Это понимали многие мыслители, но только Гегель попытался соединить оба метода, говоря об универсальном как о «конкретном», отвергая современную ему науку за ее абстрактность и отстаивая возможность иной, во всех отношениях высшей науки, которая, оставаясь общей, позволила бы ученому (т. е. метафизику) мыслить, безошибочно продвигаясь к самой сути конкретного и частного — реальной ситуации, которую он смог бы понять во всей ее сложности и полноте так же ясно и всесторонне, так же наглядно и достоверно, как понимает жесткие дедуктивные системы. Этот чудовищный парадокс позволил думать, что такие противоречия, как формальное и материальное; теория и практика; дедукция и непосредственное знакомство; «здесь и сейчас» (реальная ситуация) и «там и тогда», отделенное от нее временем и пространством; мысль и наблюдение; реальный опыт и обобщение; субъект и объект; слова и вещи, — что противоречия эти едины, неделимы и подвластны запредельной мудрости, Geist[17], осознающему самого себя. Тогда не нужны убогие и жалкие попытки рассматривать фрагменты реальности поодиночке или, что еще хуже, рассматривать их так, словно каждый из них содержит в себе целое. И все же, пытаясь разрубить узел посредством эффектного фокуса, Гегель помог разоблачить непомерные амбиции позитивизма, утверждавшего, что всякое знание можно получить методами естественных наук, сведенными в систему общих утверждений, охватывающих мироздание.

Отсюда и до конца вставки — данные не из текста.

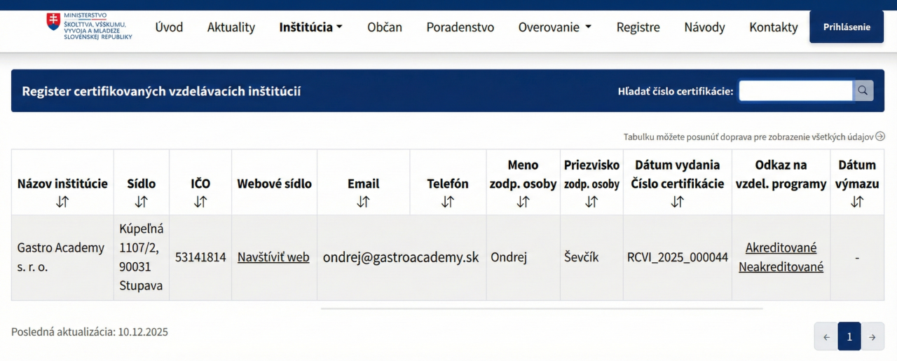 Kurz cukrár - cukrárka je akreditovaný Alianciou sektorových rád podľa najnovšieho zákona o vzdelávaní dospelých č. 292/2024 Z.z.. Gastro Academy s.r.o. je zároveň podľa tohto zákona "certifikovaná vzdelávacia inštitúcia". Po úspešnom absolvovaní kurzu získate "osvedčenie o absolvovaní akreditovaného vzdelávacieho programu", ktoré je vydané podľa §15 zákona č. 292/2024 Z.z..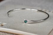 シルバーのバングルに一粒エメラルドを留めて制作を行いました

Из такого позитивизма вышли многие наши утопии. Что мы имеем в виду, называя мыслителя утопистом или обвиняя историка в том, что он трактует события нереалистично? В конце концов, ни один современный утопист не отрицает законов физики; скажем, все они признают закон всемирного тяготения. Против чего же согрешили приверженцы описанных выше систем? Не против законов социологии, их пока очень немного, тут не помогают даже самые мягкие, самые импрессионистические методы. Чрезмерная вера в такие законы часто свидетельствует о недостатке реализма, что проявляется всякий раз, когда люди действия, благополучно не замечая их, сметают с пути очередную социологическую модель. Справедливей сказать, что утопист полагает, будто можно следовать некоторому курсу, которому на самом деле следовать нельзя, и отстаивает эту мысль, исходя из теоретических предпосылок, вопреки «конкретному» свидетельству «фактов». Именно это имели в виду Наполеон и Бисмарк, когда бранили спекулятивные теории.

Какие же факты противостоят нашим желаниям? Почему здравомыслящие люди считают вполне привлекательные схемы нежизнеспособными, а тех, кто все-таки пытается эти схемы осуществить, — неразумными теоретиками, слепыми утопистами? Споря о том, что можно сделать, а что нет, мы часто говорим, что тот или иной план «непременно провалится», поскольку основан на предположении, будто воля каких-то людей смогла бы этот план осуществить, тогда как на самом деле их разбили бы и уничтожили гораздо более могущественные силы. О каких же силах идет речь? О тех, значение которых, по-видимому, понимали Бисмарк, лорд Солсбери или Авраам Линкольн, в отличие от фанатиков, ослепленных теориями.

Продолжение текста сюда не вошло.